Only the pictures are to be left out; return the rest of the data exactly as it stands.

SOURCE DATA
====================

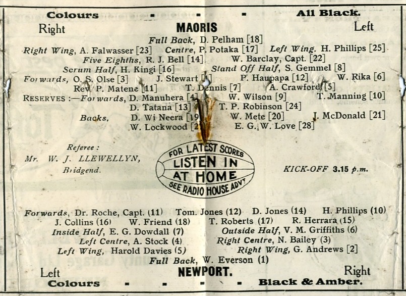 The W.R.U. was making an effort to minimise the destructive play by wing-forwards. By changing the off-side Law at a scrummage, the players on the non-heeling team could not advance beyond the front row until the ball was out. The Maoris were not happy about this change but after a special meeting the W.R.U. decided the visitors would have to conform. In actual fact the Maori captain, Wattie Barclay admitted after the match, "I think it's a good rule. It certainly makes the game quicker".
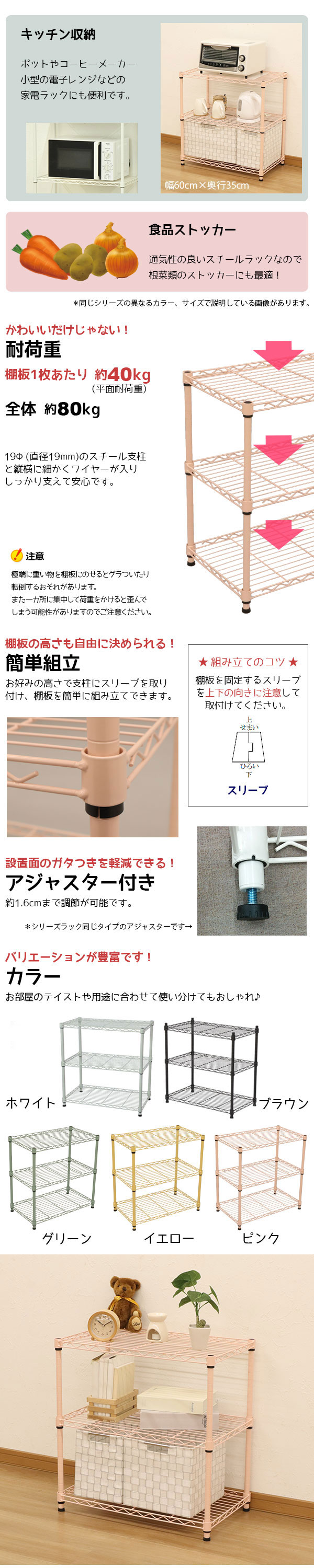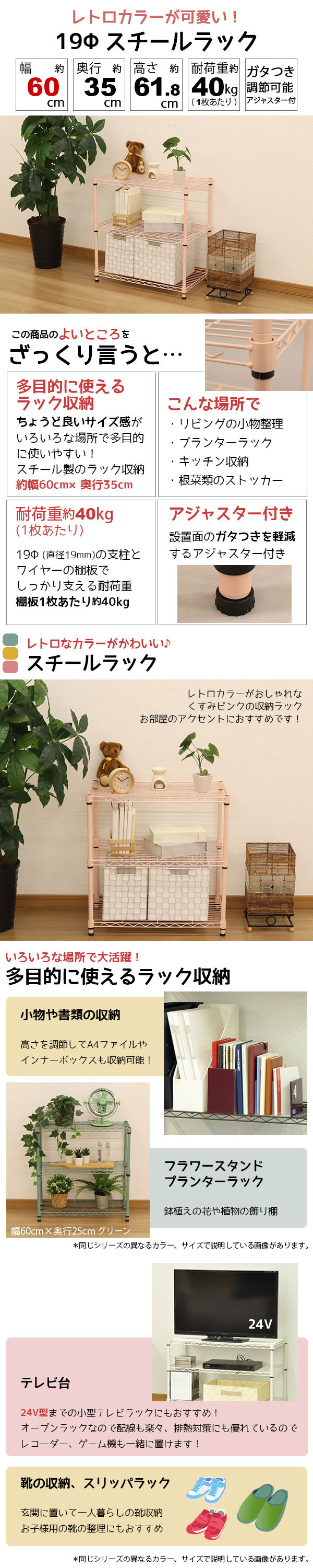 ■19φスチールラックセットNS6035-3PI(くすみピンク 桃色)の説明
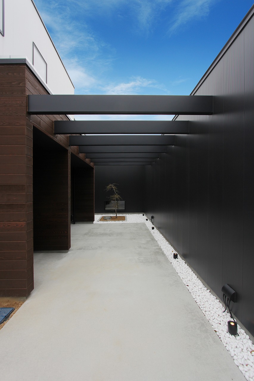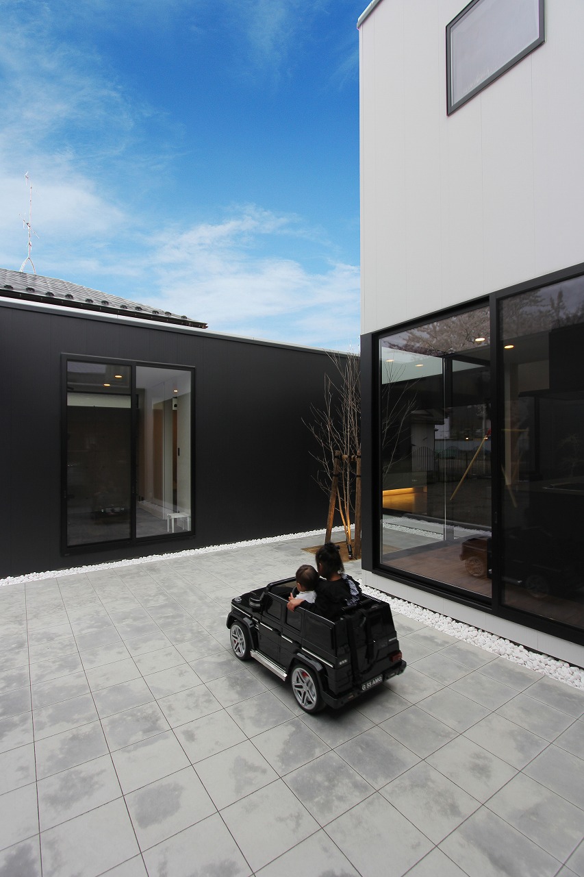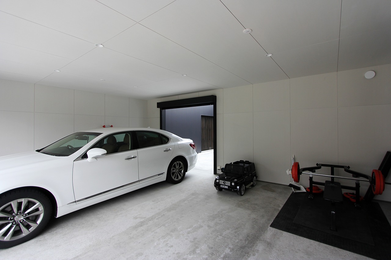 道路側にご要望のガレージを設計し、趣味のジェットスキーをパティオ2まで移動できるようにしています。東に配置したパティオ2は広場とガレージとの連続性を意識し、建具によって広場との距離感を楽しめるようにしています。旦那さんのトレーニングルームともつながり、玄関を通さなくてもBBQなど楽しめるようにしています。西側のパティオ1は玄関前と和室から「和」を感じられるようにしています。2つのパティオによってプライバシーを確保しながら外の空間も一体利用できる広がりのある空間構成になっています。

====================

RESULT BELOW
 The W.R.U. was making an effort to minimise the destructive play by wing-forwards. By changing the off-side Law at a scrummage, the players on the non-heeling team could not advance beyond the front row until the ball was out. The Maoris were not happy about this change but after a special meeting the W.R.U. decided the visitors would have to conform. In actual fact the Maori captain, Wattie Barclay admitted after the match, "I think it's a good rule. It certainly makes the game quicker".
 ■19φスチールラックセットNS6035-3PI(くすみピンク 桃色)の説明
 道路側にご要望のガレージを設計し、趣味のジェットスキーをパティオ2まで移動できるようにしています。東に配置したパティオ2は広場とガレージとの連続性を意識し、建具によって広場との距離感を楽しめるようにしています。旦那さんのトレーニングルームともつながり、玄関を通さなくてもBBQなど楽しめるようにしています。西側のパティオ1は玄関前と和室から「和」を感じられるようにしています。2つのパティオによってプライバシーを確保しながら外の空間も一体利用できる広がりのある空間構成になっています。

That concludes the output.